■ Task statement: Output only the lines from the start of the entries through the line holding "就這樣,旅行的勇者大人與操縱". Each line must match the original exactly.

■ Record excerpts:
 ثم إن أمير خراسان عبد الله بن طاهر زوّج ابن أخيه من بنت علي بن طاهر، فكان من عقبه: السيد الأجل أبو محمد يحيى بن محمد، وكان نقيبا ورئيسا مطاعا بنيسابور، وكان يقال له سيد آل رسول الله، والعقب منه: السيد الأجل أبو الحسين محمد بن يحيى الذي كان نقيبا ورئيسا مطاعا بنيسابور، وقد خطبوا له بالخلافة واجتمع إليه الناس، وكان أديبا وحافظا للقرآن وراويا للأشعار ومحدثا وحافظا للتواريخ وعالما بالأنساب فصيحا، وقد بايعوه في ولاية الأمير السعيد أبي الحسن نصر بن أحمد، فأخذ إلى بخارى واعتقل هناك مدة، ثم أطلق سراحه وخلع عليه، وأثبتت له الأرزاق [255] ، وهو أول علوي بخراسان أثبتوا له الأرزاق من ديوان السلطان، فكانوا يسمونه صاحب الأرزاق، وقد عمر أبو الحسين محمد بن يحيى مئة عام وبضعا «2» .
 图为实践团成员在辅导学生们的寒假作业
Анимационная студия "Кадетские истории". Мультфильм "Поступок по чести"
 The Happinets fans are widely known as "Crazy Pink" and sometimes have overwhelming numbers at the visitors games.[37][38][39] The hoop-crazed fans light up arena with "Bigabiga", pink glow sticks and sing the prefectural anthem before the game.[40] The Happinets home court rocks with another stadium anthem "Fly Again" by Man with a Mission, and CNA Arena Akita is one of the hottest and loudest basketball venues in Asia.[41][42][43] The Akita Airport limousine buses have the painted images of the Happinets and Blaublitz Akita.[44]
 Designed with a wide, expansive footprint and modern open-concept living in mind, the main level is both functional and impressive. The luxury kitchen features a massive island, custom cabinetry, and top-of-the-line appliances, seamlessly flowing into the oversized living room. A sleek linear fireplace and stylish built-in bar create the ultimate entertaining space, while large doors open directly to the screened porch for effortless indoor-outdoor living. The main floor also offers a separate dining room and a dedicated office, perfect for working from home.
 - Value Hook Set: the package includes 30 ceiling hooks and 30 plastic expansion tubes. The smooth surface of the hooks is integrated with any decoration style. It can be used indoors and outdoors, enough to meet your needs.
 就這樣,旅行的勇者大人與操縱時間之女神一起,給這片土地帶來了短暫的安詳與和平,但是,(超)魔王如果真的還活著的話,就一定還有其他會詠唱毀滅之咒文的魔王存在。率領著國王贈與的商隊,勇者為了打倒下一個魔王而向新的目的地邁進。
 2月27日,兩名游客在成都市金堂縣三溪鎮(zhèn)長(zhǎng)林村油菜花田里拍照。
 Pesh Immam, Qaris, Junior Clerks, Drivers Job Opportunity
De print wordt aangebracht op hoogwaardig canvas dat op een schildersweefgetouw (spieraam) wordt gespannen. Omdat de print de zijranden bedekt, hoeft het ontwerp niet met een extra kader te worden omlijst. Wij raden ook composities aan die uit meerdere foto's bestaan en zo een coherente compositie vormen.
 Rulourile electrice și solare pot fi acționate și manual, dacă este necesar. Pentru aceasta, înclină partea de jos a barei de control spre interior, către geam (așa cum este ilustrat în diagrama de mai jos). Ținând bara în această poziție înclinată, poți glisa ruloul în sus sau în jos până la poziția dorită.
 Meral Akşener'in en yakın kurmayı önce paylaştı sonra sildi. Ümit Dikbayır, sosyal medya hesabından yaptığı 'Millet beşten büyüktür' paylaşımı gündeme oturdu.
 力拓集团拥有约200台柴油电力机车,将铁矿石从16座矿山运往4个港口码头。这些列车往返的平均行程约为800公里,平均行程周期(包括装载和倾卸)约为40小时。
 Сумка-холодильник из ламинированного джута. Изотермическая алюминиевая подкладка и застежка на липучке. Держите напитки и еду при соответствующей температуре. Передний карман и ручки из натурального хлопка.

■ Task answer:
 ثم إن أمير خراسان عبد الله بن طاهر زوّج ابن أخيه من بنت علي بن طاهر، فكان من عقبه: السيد الأجل أبو محمد يحيى بن محمد، وكان نقيبا ورئيسا مطاعا بنيسابور، وكان يقال له سيد آل رسول الله، والعقب منه: السيد الأجل أبو الحسين محمد بن يحيى الذي كان نقيبا ورئيسا مطاعا بنيسابور، وقد خطبوا له بالخلافة واجتمع إليه الناس، وكان أديبا وحافظا للقرآن وراويا للأشعار ومحدثا وحافظا للتواريخ وعالما بالأنساب فصيحا، وقد بايعوه في ولاية الأمير السعيد أبي الحسن نصر بن أحمد، فأخذ إلى بخارى واعتقل هناك مدة، ثم أطلق سراحه وخلع عليه، وأثبتت له الأرزاق [255] ، وهو أول علوي بخراسان أثبتوا له الأرزاق من ديوان السلطان، فكانوا يسمونه صاحب الأرزاق، وقد عمر أبو الحسين محمد بن يحيى مئة عام وبضعا «2» .
 图为实践团成员在辅导学生们的寒假作业
Анимационная студия "Кадетские истории". Мультфильм "Поступок по чести"
 The Happinets fans are widely known as "Crazy Pink" and sometimes have overwhelming numbers at the visitors games.[37][38][39] The hoop-crazed fans light up arena with "Bigabiga", pink glow sticks and sing the prefectural anthem before the game.[40] The Happinets home court rocks with another stadium anthem "Fly Again" by Man with a Mission, and CNA Arena Akita is one of the hottest and loudest basketball venues in Asia.[41][42][43] The Akita Airport limousine buses have the painted images of the Happinets and Blaublitz Akita.[44]
 Designed with a wide, expansive footprint and modern open-concept living in mind, the main level is both functional and impressive. The luxury kitchen features a massive island, custom cabinetry, and top-of-the-line appliances, seamlessly flowing into the oversized living room. A sleek linear fireplace and stylish built-in bar create the ultimate entertaining space, while large doors open directly to the screened porch for effortless indoor-outdoor living. The main floor also offers a separate dining room and a dedicated office, perfect for working from home.
 - Value Hook Set: the package includes 30 ceiling hooks and 30 plastic expansion tubes. The smooth surface of the hooks is integrated with any decoration style. It can be used indoors and outdoors, enough to meet your needs.
 就這樣,旅行的勇者大人與操縱時間之女神一起,給這片土地帶來了短暫的安詳與和平,但是,(超)魔王如果真的還活著的話,就一定還有其他會詠唱毀滅之咒文的魔王存在。率領著國王贈與的商隊,勇者為了打倒下一個魔王而向新的目的地邁進。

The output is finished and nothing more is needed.